Household electricity bills in Singapore are set to experience a surge in 2024, primarily due to an escalation in carbon taxes imposed on power generation companies. According to forecasts from the National Climate Change Secretariat (NCCS), the higher carbon tax could potentially lead to an average monthly increase of $4 for a four-room Housing Board flat.
Tax Hike Details
Commencing in 2019 at $5 per tonne of emissions, Singapore’s carbon tax is scheduled to rise significantly to $25 per tonne in 2024, marking a substantial jump from the current rate. The upward trajectory continues, with plans to further increase to $45 per tonne in 2026, and a projected range of $50 to $80 per tonne by 2030.
Impact on Household Electricity Tariffs
NCCS calculations indicate that each $5 increment in carbon tax could result in a corresponding 1% increase in household electricity tariffs. As a result, consumers might experience an overall rise of about 4% in electricity bills in 2024. It is important to note that electricity retailers have yet to disclose specific details regarding the impending price changes.

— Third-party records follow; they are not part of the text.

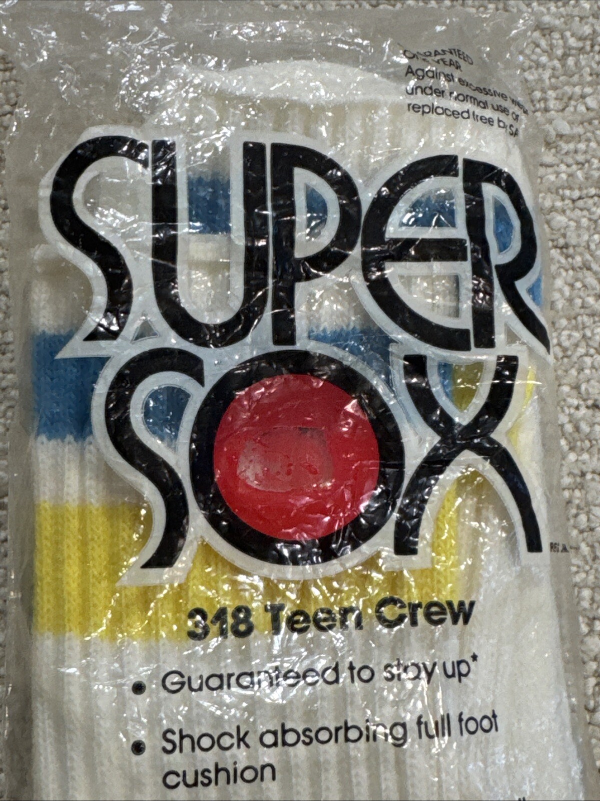 VTG 80s SAI SUPER SOX Striped 318 Teen Crew Tube Socks Orlon Nylon 4-10.5 / 3-9
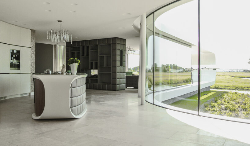 this residential property in the netherlands has been designed to comply with strict regulations that limit the height of the single storey structure. completed by koen olthuis of dutch architecture practice waterstudio.nl, the property utilizes additional floor space at a subterranean level, providing extra surface within the limited dimensions of the building envelope.
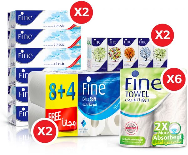 - FINE Toilet Paper Extra Soft 200 Sheets 2 Ply / Pack of 12 Rolls X 2
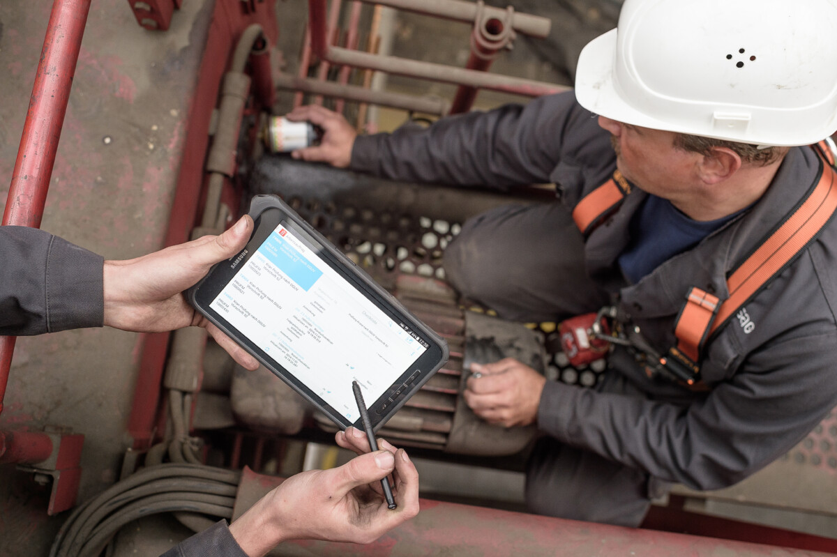 Digitale Unterstützung in der Instandhaltung: Mitarbeitende der Wisag Produktionsservice GmbH bei der sicherheitstechnischen Kontrolle – vernetzt, dokumentiert und praxisnah vor Ort. Bild: Wisag
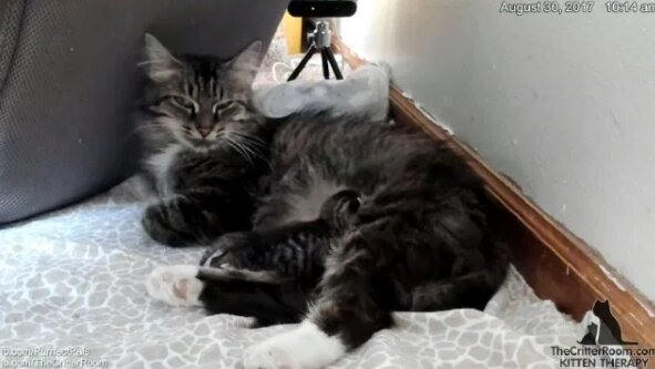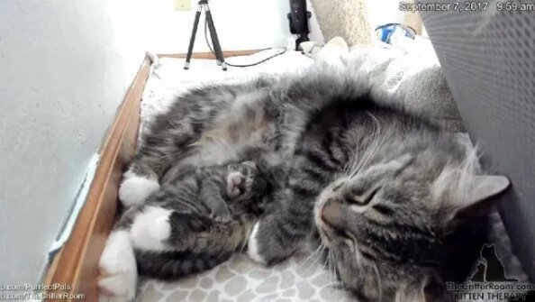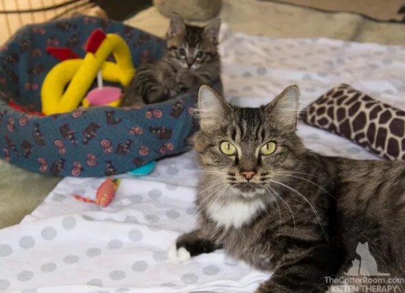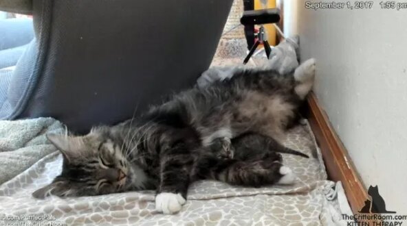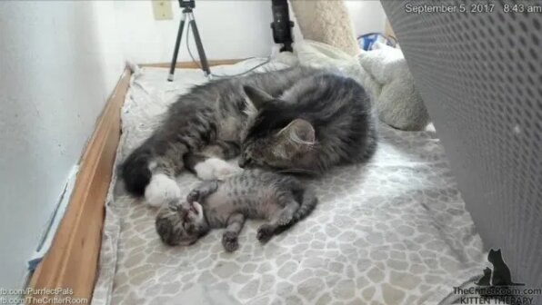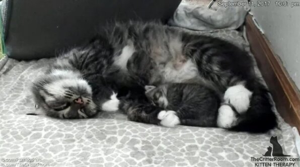 Lekarze weterynarii, którzy mieli wykastrować Shelby, ze zdziwieniem znaleźli w jej brzuszku kolejne pokolenie kociąt. John, doświadczony adopcyjny ojciec z The Critter Room, sprawił, że nowa matka poczuła się jak w domu - wszystko było gotowe na narodziny nowych „dzieci”.
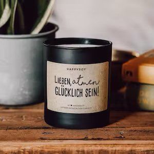 Eine Sojawachskerze im Glas mit passendem Spruch, stilvollem Design und herrlichem Duft. Plastikfrei, handgemacht & vegan. Das ist HAPPYSOY®.
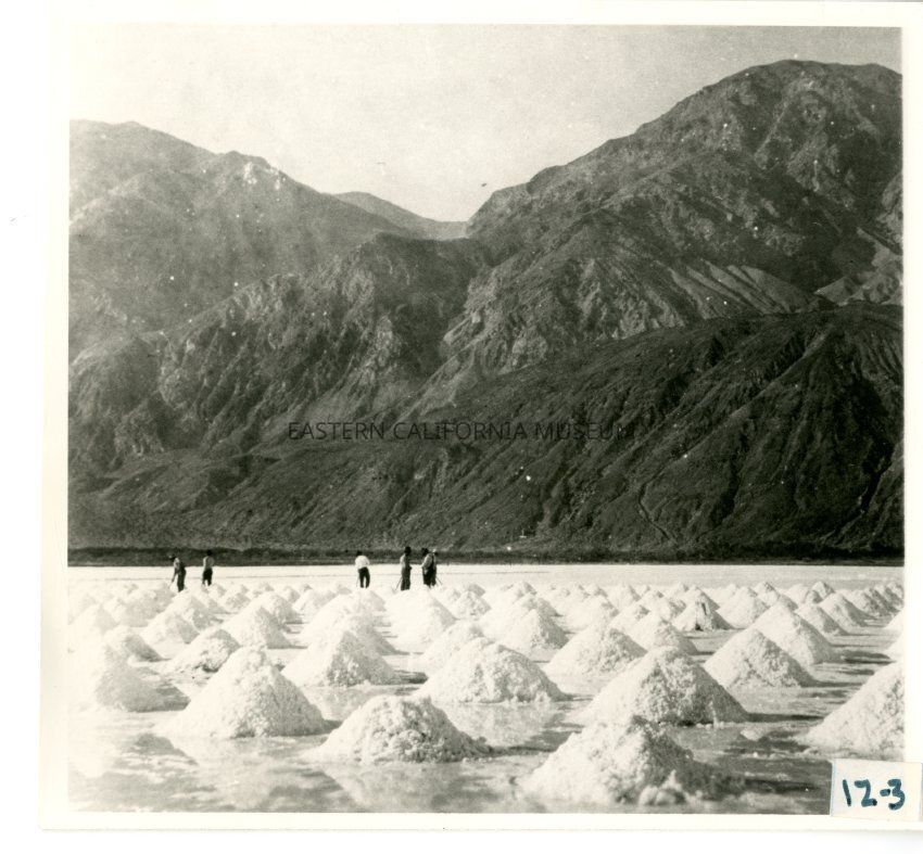 B/w photo of five men working amongst piles of salt with mountains in the background.
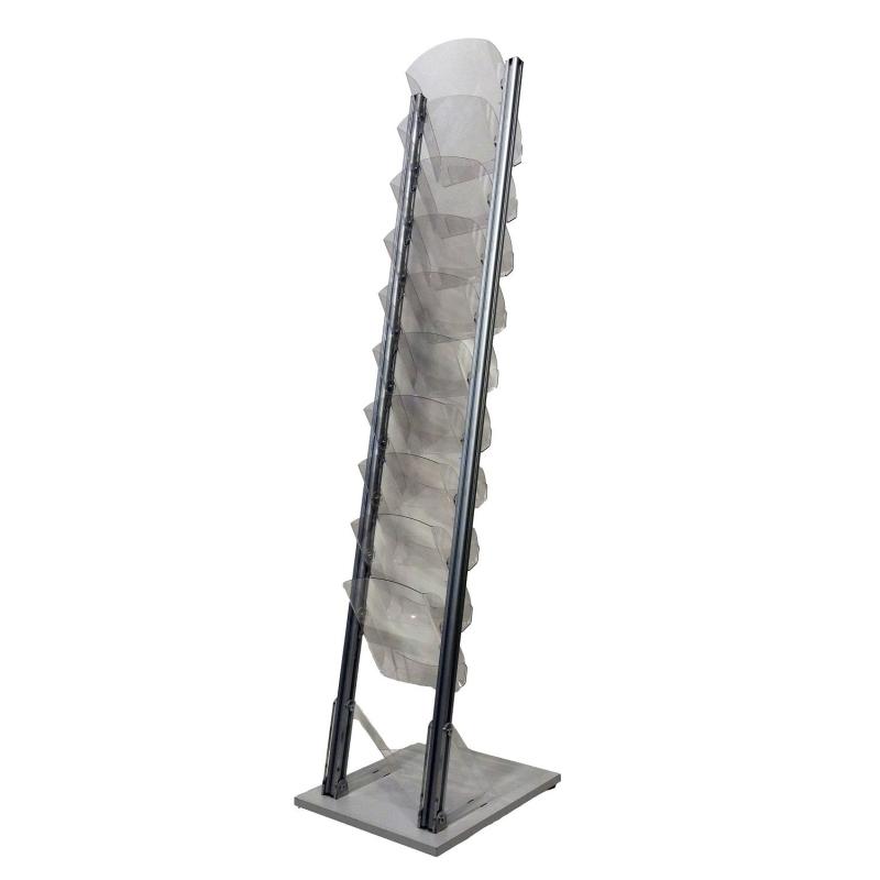 <p>Разборный информационный напольный стенд «Комус» предназначен для хранения печатной продукции формата А4. Изготовлен из алюминиевого профиля серебристого цвета. Основание — ДСП толщиной 1,6 см, цвет белый матовый. Стенд оснащен десятью карманами формата А4 из прозрачного пластика. Каждый карман шириной 22 см имеет расширение 3 см. Поставляется в разобранном виде с инструкцией по сборке. Размер (ДxШxВ) — 360×490×1542 мм.</p>
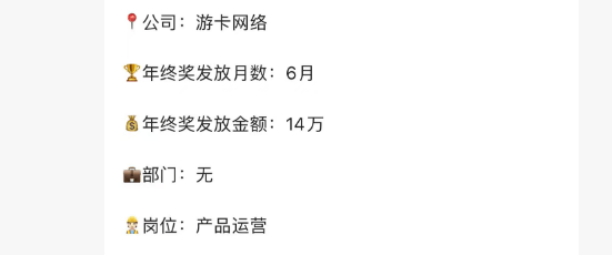 游卡网络: 年终奖发了6个月,发放金额14万(岗位产品运营)。2025年最亮眼的是《三国杀移动版》12月冲上iOS畅销榜第2,创下历史最好的成绩,整个《三国杀》IP运营超过17年依然能打, 之前就传过《三国杀名将传》月流水破2亿了。
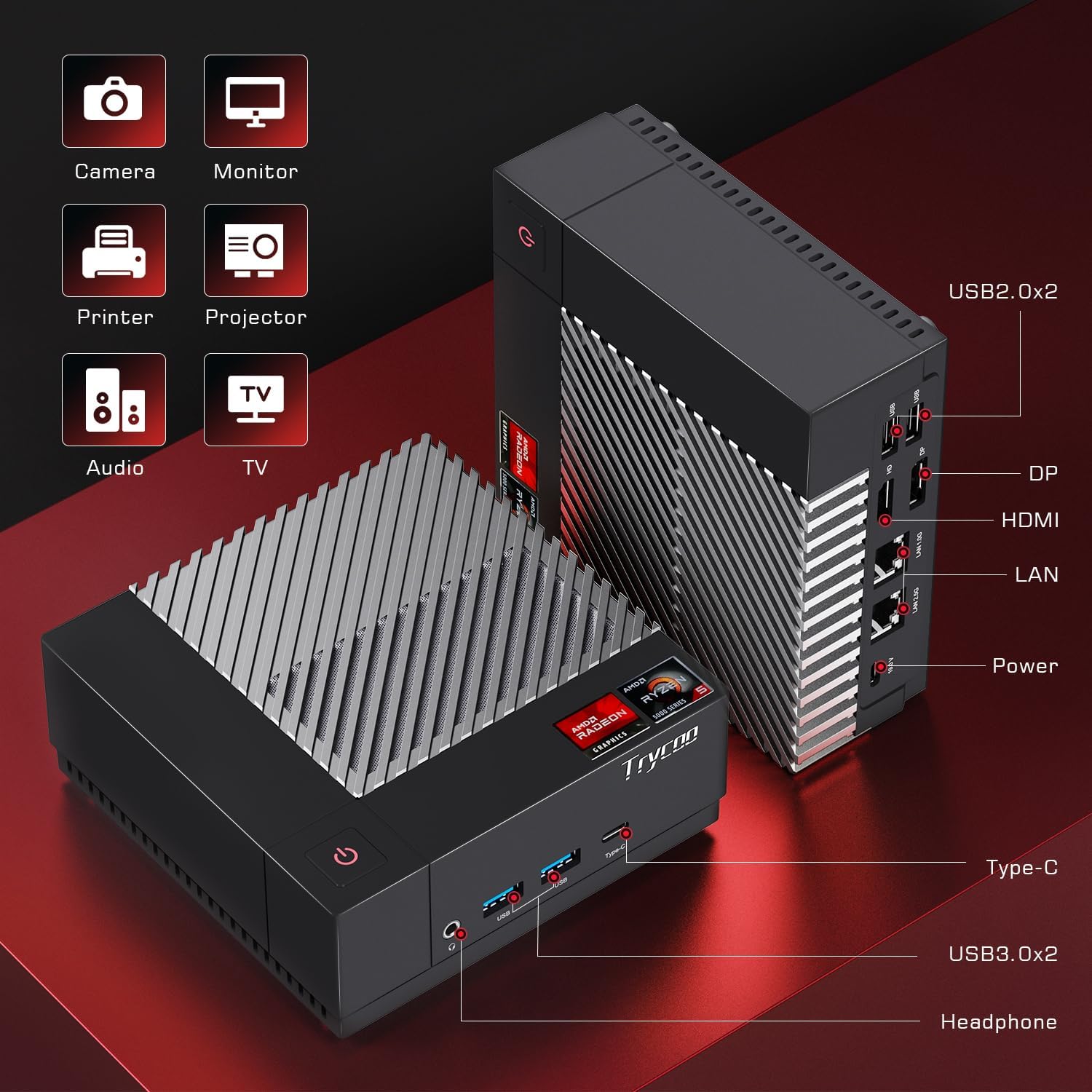 ✅【Multiple Ports,Various Choices】Trycoo HA-3 Mini PC have 1*HDMI Port,1*DP Port,2*USB 2.0 Port, 2*USB 3.2 Gen2 Ports,1*Type-C Port and other interfaces,plenty ports for connectivity simultaneous multi-program,balance your work and gaming needs.
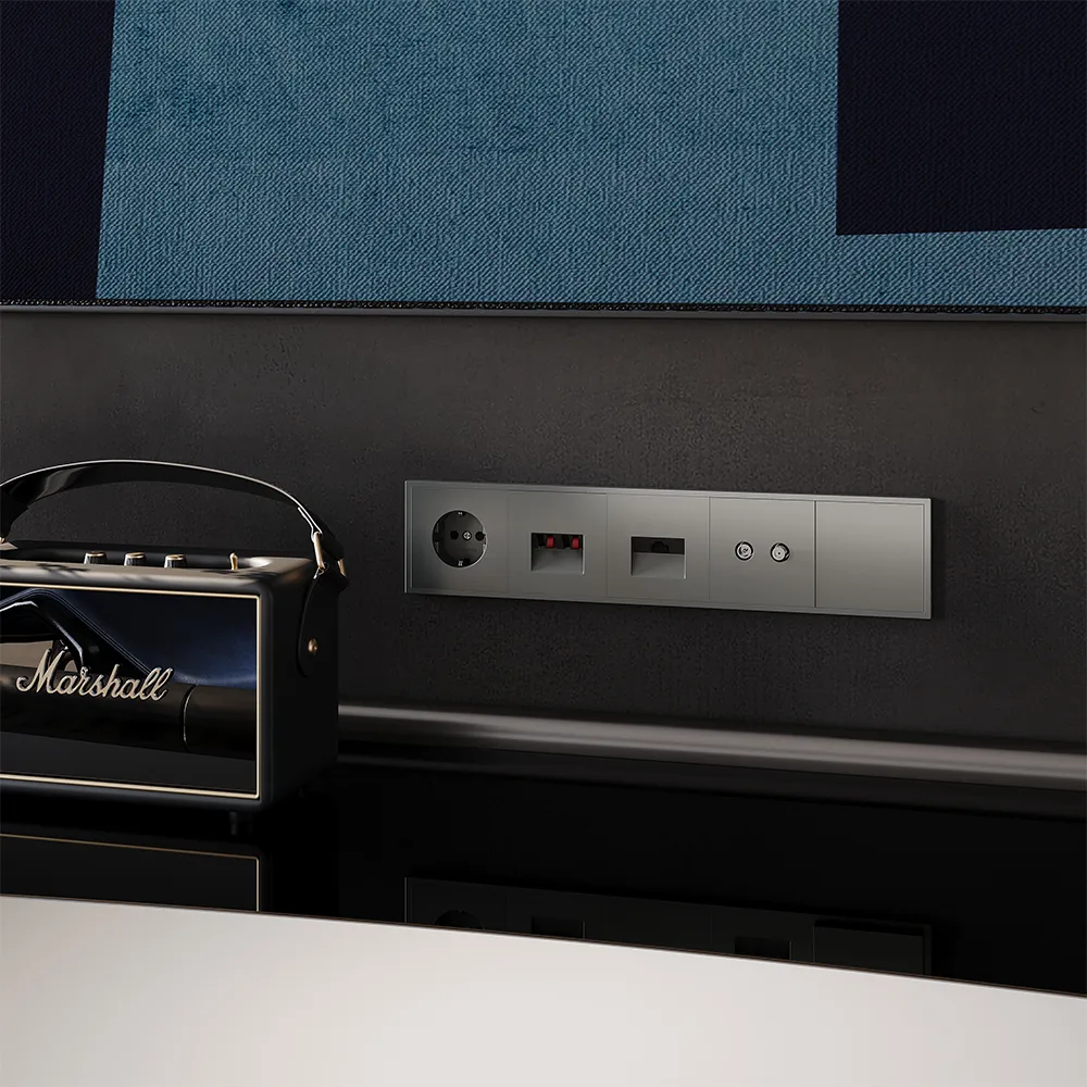 Розетка легко комбинируется с другими устройствами серии — например, можно разместить рядом электрическую розетку для питания ТВ и USB-порт для приставки в одной рамке, создав функциональный и стильный блок управления.

Transition Period and Regulatory Framework
The carbon tax, initially set at $5 per tonne for a five-year period until 2023, served as a transitional phase for facilities emitting a minimum of 25,000 tonnes of emissions annually. The forthcoming adjustments aim to align with Singapore’s commitment to addressing climate change and promoting sustainable practices.
Consumer Choices and Regulatory Options
Households in Singapore have the option to select a price plan from an electricity retailer or purchase power from SP Group at the regulated tariff established by the Energy Market Authority. This flexibility allows consumers to make informed choices based on their preferences and budget considerations.
As Singapore prepares for these carbon tax increments, households should be mindful of potential changes in electricity costs and explore available options to manage their utility expenses effectively.